Print the data below again in full, exactly as it stands, with no images.
Source records Start Marker
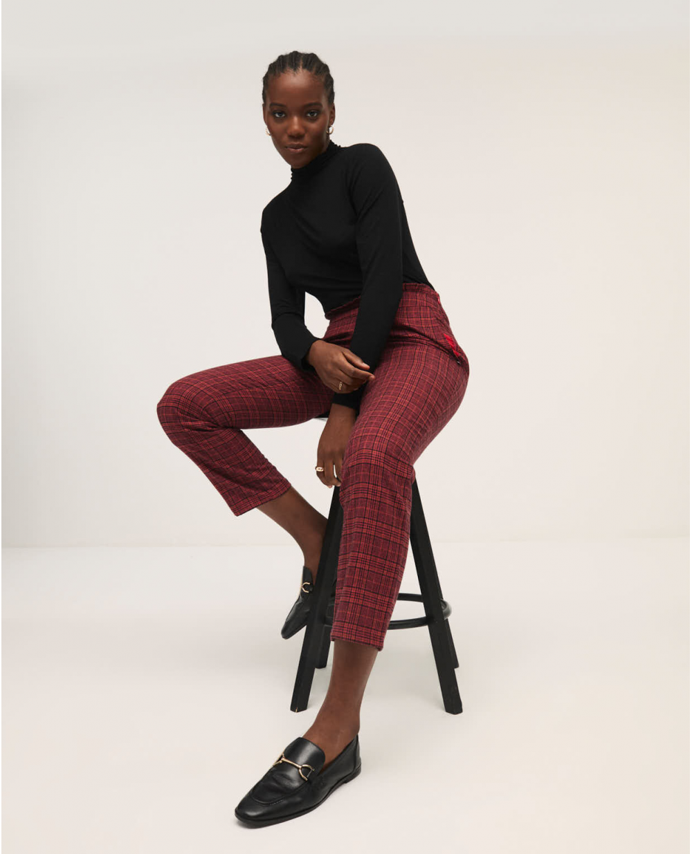 Pantalón elástico, engomado en la cintura, cremallera lateral, bolsillos laterales en diagonal, estampado de cuadros
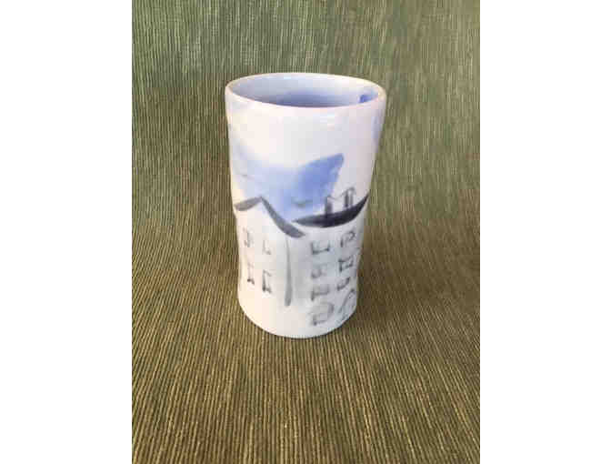 Porcelain vessel, high fired, wheel thrown with brushwork design. Sized 12 cm tall and diameter 7 cm.
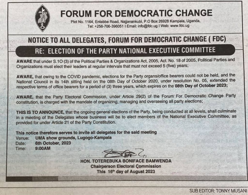 According to the notice issued in the Friday Daily Monitor newspaper signed on the 16th, August, 2023 by the party Chairperson, Electoral Commission Hon. Toterebuka Boniface Bamwenda, the delegates will convene at UMA show grounds, Lugogo – Kampala on 9th, October, 2023 where they will hold the elections from.
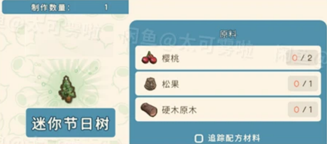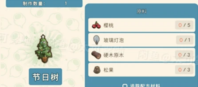 金垦小镇圣诞节物品有节日礼盒、节日栅栏、壁炉、姜饼小道、迷你节日树、节日树、节日浴巾、节日雨伞、节日手提式音响、节日袋鼠、节日灯、节日花彩、节日稻草人、节日桌子、节日椅子。各个物品都需要对应的材料来进行制作,下文是详细的各个物品所需的材料大全!
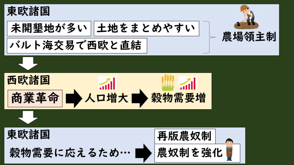 東欧諸国では、農業生産は農奴に依存していたので、西欧の穀物需要に応えるために、農奴を土地に縛り付ける農奴制のさらなる強化をおこなうことになりました。
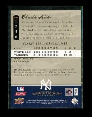 2008 UPPER DECK YANKEE STADIUM LEGACY Baseball Card YSL1786 CHARLIE KELLER Yankees 13 - White Sox 0 1945
Source records End Marker
• Task answer:
 Pantalón elástico, engomado en la cintura, cremallera lateral, bolsillos laterales en diagonal, estampado de cuadros
 Porcelain vessel, high fired, wheel thrown with brushwork design. Sized 12 cm tall and diameter 7 cm.
 According to the notice issued in the Friday Daily Monitor newspaper signed on the 16th, August, 2023 by the party Chairperson, Electoral Commission Hon. Toterebuka Boniface Bamwenda, the delegates will convene at UMA show grounds, Lugogo – Kampala on 9th, October, 2023 where they will hold the elections from.
 金垦小镇圣诞节物品有节日礼盒、节日栅栏、壁炉、姜饼小道、迷你节日树、节日树、节日浴巾、节日雨伞、节日手提式音响、节日袋鼠、节日灯、节日花彩、节日稻草人、节日桌子、节日椅子。各个物品都需要对应的材料来进行制作,下文是详细的各个物品所需的材料大全!
 東欧諸国では、農業生産は農奴に依存していたので、西欧の穀物需要に応えるために、農奴を土地に縛り付ける農奴制のさらなる強化をおこなうことになりました。
 2008 UPPER DECK YANKEE STADIUM LEGACY Baseball Card YSL1786 CHARLIE KELLER Yankees 13 - White Sox 0 1945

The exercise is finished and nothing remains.